Sweet Healing~真摯な上司の、その唇に癒されて~
 「後悔なんて、していません。」

 千紗子は小さく、けれどはっきりと口に出してそう言った。
 千紗子の言葉に、雨宮は目を見張る。

 「私が…私が自分で望んだことです。雨宮さんはそれを聞き入れてくれただけ。だから雨宮さんに怒ったりもしません。」

 「千紗子……」

 「わたし、雨宮さんを利用したんです。辛さから逃げる為に、あなたを使った……謝るのはわたしの方なんです…」

 千紗子の開かれた双眸から、大きな雫がポロポロとこぼれ落ちる。
 
 「千紗子っ」

 雨宮の両腕が千紗子を勢いよく抱き寄せた。
 千紗子の頭を囲い込むように抱きしめた腕に力がこもる。

 「千紗子は悪くない。君に好意を寄せている俺には絶好の機会だったんだ。」

 苦いものを噛んだような声色が、千紗子の頭の上から聞こえる。
 こぼれた涙が、彼の胸元に吸い込まれていく。
 千紗子は彼の腕の中で小さく頭を振った。

 「いいえ…ゆうべ雨宮さんがいてくれなかったら、きっと今ごろ、正気ではいられなかった…わたしっ。

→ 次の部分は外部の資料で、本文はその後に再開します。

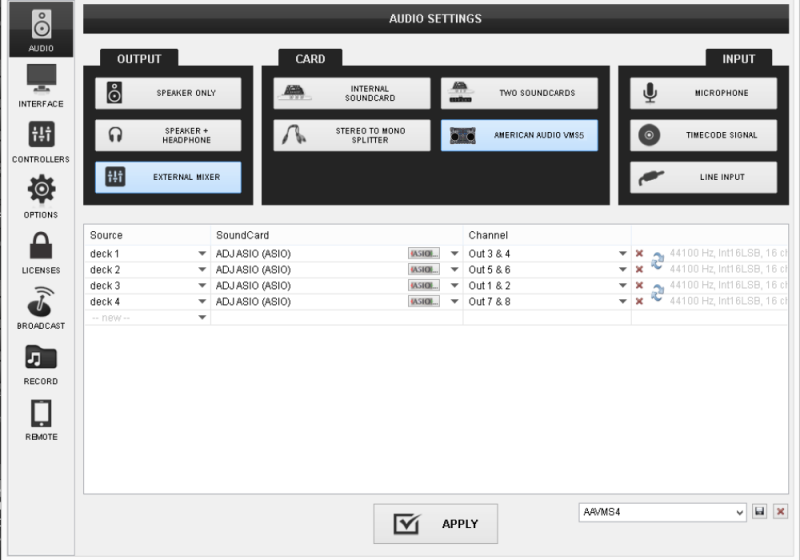 A Pro Infinity a PLUS Controller, a Subscriber License or a LE keycode is required to use the American Audio VMS5. Without any of the above Licenses, the controller will operate for 10 minutes each time you restart VirtualDJ.
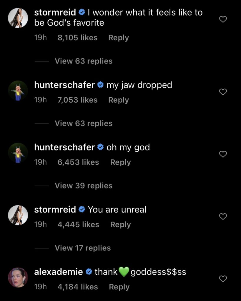 Many celebrities took to social media to react to the star’s jaw-dropping ensemble! In the comments of her Instagram post, her Euphoria co-stars sent their love and admiration for the look. Storm Reid commented, “I wonder what it feels like to be God’s favorite. You are unreal.” Hunter Schafer said, “My jaw dropped. Oh my god.” Alexa Demie simply stated, “thank💚goddess$$ss.”
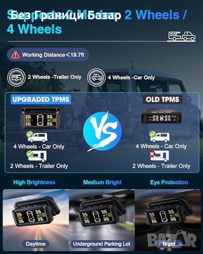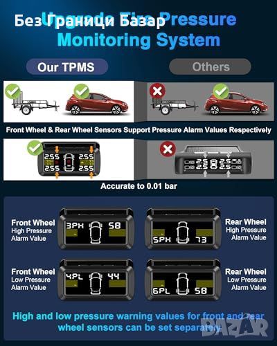 Универсална Система за Мониторинг на Налягането в Гумите: Подходяща за 2 или 4 колела. Точност до 0.01bar, с индивидуални настройки за аларма за високо/ниско налягане на предните и задните гуми.
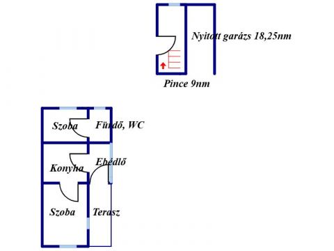 Ház 51 nm: 2 szoba, konyha, ebédlő, fürdőszoba, tároló és pince helyiségekből áll. Területe 432 nm kivett / lakóház, udvar, melyhez 2935 nm kert tartozik, ez a része kifüggesztést igényel. A területe így 3367 nm, melyet a tulajdonos együtt szeretne értékesíteni.

」

 嗚咽が込み上げて、グッと息を飲みこんだ。
 
 「いいんだ。泣いていいんだよ、千紗子。俺の前では強がらなくていい。」

 優しく頭を撫でられて、こらえていたものが抑えきれそうになくて、背中がぶるっと震えた。

 雨宮は千紗子を囲っていた腕をそっと解くと、両手で彼女の頬を包み込んで上を向かせる。

 「我慢しない。ほら、いいから。」

 そう言って、促すように千紗子のまなじりを唇で辿った。

 その瞬間、千紗子の何かがプツリと切れた。